I recommend you both post your own threads, as what hardware you have provided shows that you have vastly different parts and possibly different underlying cause.

Be sure to include detailed descriptions on hardware, TrueNAS version and any events leading up to the shutdown.

So I guess I should give an update… I took out two drives that weren’t in an actively used pool (they threw some ZFS errors) and so far it’s been a week smooth sailing. I should test those drives thoroughly.

I’ve had similar random lock-ups and shut-downs on a setup that I’d cobbled together for testing purposes… SCALE 24.10.2

One instance was a very bad drive - I was testing a stockpile of drives that had been in a cupboard for a good few years, so that one wasn’t exactly a mystery.

But the others were thanks to a 32GB LR-DIMM, having happily done service for many years, suddenly deciding to start shifting off this mortal coil, and no longer play nice with the linear angry pixies it was

System was spectacularly unstable - crashing / hanging several times a day. Found that the DIMM happened to be in slot A1, meaning it filled up first with ARC data.

Error logs confirmed it. Changed it out, and all was well.

Well. I had more than one uneventful week since I posted this; meanwhile, I suspected this all has something to do with the ARC being filled up slowly by StorJ Node; And what I did was to start a VM when I noticed ARC was full - process that usually clears a good part of the ARC. But Today I let it be. And it so happened that I was right there, looking at the Dashboard when this occurred:

There is a gap of 13 minutes in network activity, including the reboot, which is roughly 2 - 3 minutes. Will try to look again at logs (last time it happened, and I checked, there was nothing!)
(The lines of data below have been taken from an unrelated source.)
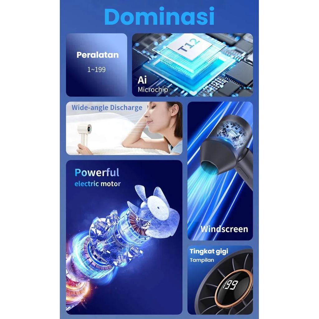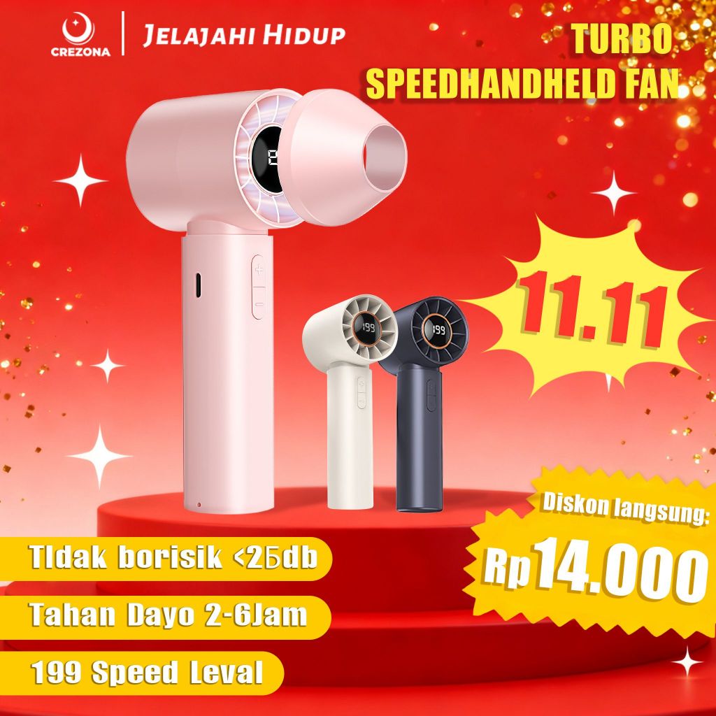 Kipas Genggam Portable USB Nozzle | Turbo Mini Fan 199 Gigi | High-Speed Wind | Layer LED FB08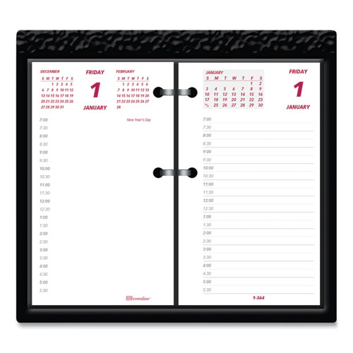 One day per two page spread with half-hour appointments times. Fits most calendar bases up to 6 x 3 1/2 page size, sold separately.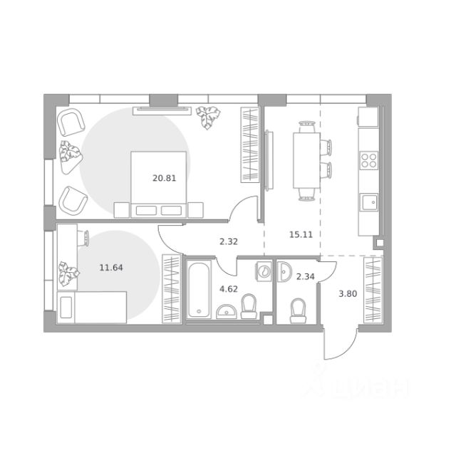 Продаётся 2-комнатная квартира 304, площадью 61,65 м², на 20 этаже в ЖК "MYPRIORITY Нижегородская" корпус 1. Стоимость — от 26071644 руб. Квартира без отделки, планировка односторонняя, окна во двор.
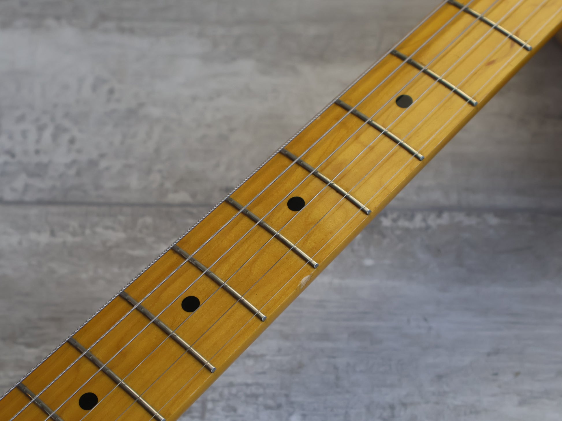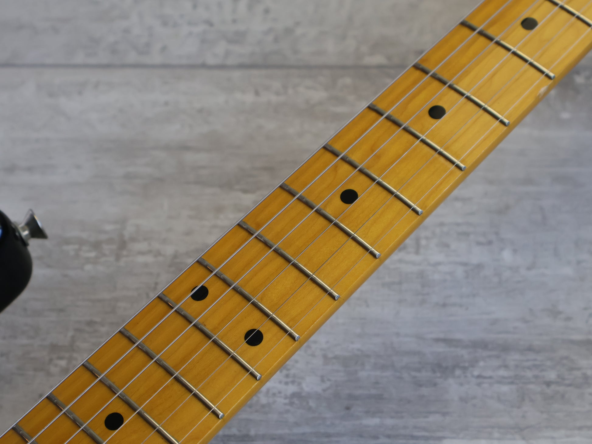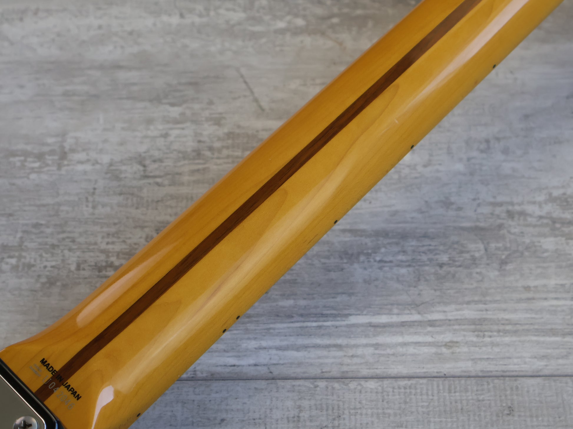 Made in Japan in 2008, the ST57-US was a '57 reissue Stratocaster that features a basswood body with a maple neck (slim C profile, 7.25" radius) and factory fitted Fender USA ST-Vintage alnico single coils (with an aftermarket unbranded bridge pickup). Weighs 3.4kg's and is in clean used condition as pictured with a straight neck, shiny frets and a fully functional truss.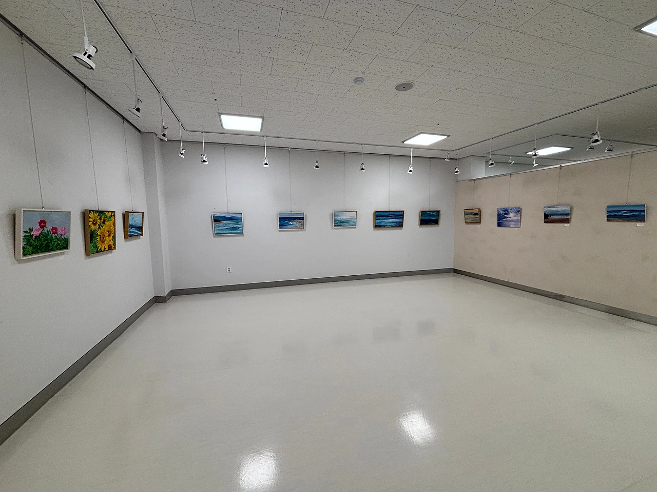 전시장 벽면을 따라가다 보면 푸른 바다의 파노라마가 펼쳐진다. 추암, 어달, 대진 등 동해안을 따라 걷다 보면 마주칠 법한 익숙하고도 정겨운 풍경들이 캔버스 위에 고스란히 옮겨져 있다.

Maybe someone can corroborate this and help solve the mystery.
Thank you all.

I had a development on my end, too.
I took out the disks that were acting up, put them in my Windows machine and started testing them on HDSentinel. They both underwent a surface WRITE and an extensive self test successfully. So far so good. Put them back in the server, created a new pool and put 300GB of media on them. A day goes by and at 5 AM I get 8 email notifications from the server that the drives “failed to read SMART Attribute Data.”.
Now, I connected them both to a M.2 to 6xSATA controller I bought from AliExpress. I suspect foul play in this strategy. I have a PCIe x1 to 6xSATA controller coming so I will switch them around to see if this is actually the issue. Maybe the M.2 controller is having a hard time reading SMART attributes from the drives through this set up and is throwing a fit.
It’s weird because manual short SMART tests are running fine, and I am in the middle of running a SMART long test, we’ll see.